King Philippe of France, who had disbanded his army following the massive defeat in Crécy, has done a turnaround by installing a new army in Calais to turn back the English. Reduced to six in the aftermath of the parched and squalid Crécy war, the Dogs, an unruly mix of English, Welsh, and Scots, are not the crack, tightly bonded unit they were. Faded veteran Loveday FitzTalbot has departed the battlefield to search for the captain, who’s vanished. The “gruff-tempered” Scotsman is a drunk.

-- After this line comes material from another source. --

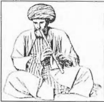
صورة رقم / ٤٤
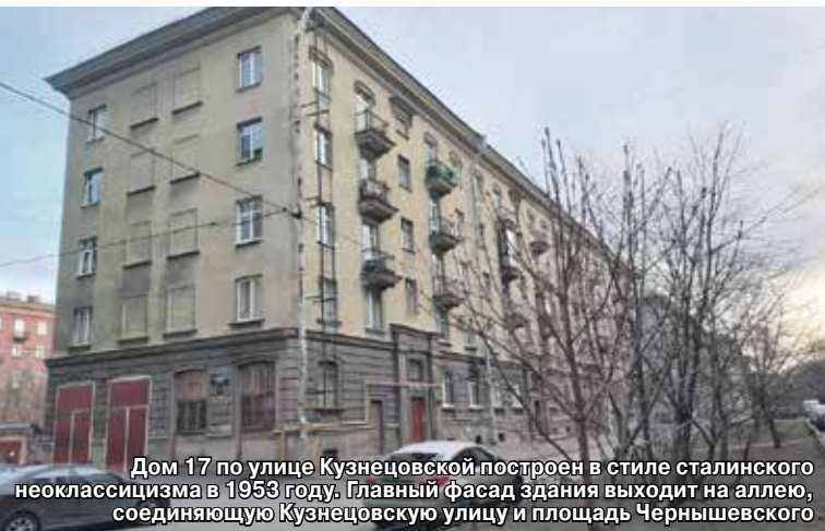
Дом 17 по улице Кузнецовской построен в стиле сталинского неоклассицизма в 1953 году. Главный фасад здания выходит на аллею, соединяющую Кузнецовскую улицу и площадь Чернышевского

Romford, the troublemaking teenage archer, is haunted by the ghost of the dead priest, Father, and attacked (when not pursued) for his homosexuality. As before, the Dogs struggle with the impetuous demands of King Edward. Though the novel boasts less head-lopping, bone-crushing action than Essex Dogs (2023), it’s no less a page-turner, with the addition of lively characters including Hircent, a stout Flemish warrior and brothel queen with nastier proclivities than any man, and the profit-minded pirate leader Jean Marant, who shrewdly plays both sides of the conflict. At its best, the book recalls Hilary Mantel’s Wolf Hall novels with its masterly control, period details, and understated humor. “Virtue, glory, chivalry—all that shit,” says Northampton. “The tragedy is, a lot of them fucking believe it.”
Jones’ entertaining second installment in a trilogy more than whets the appetite for the conclusion.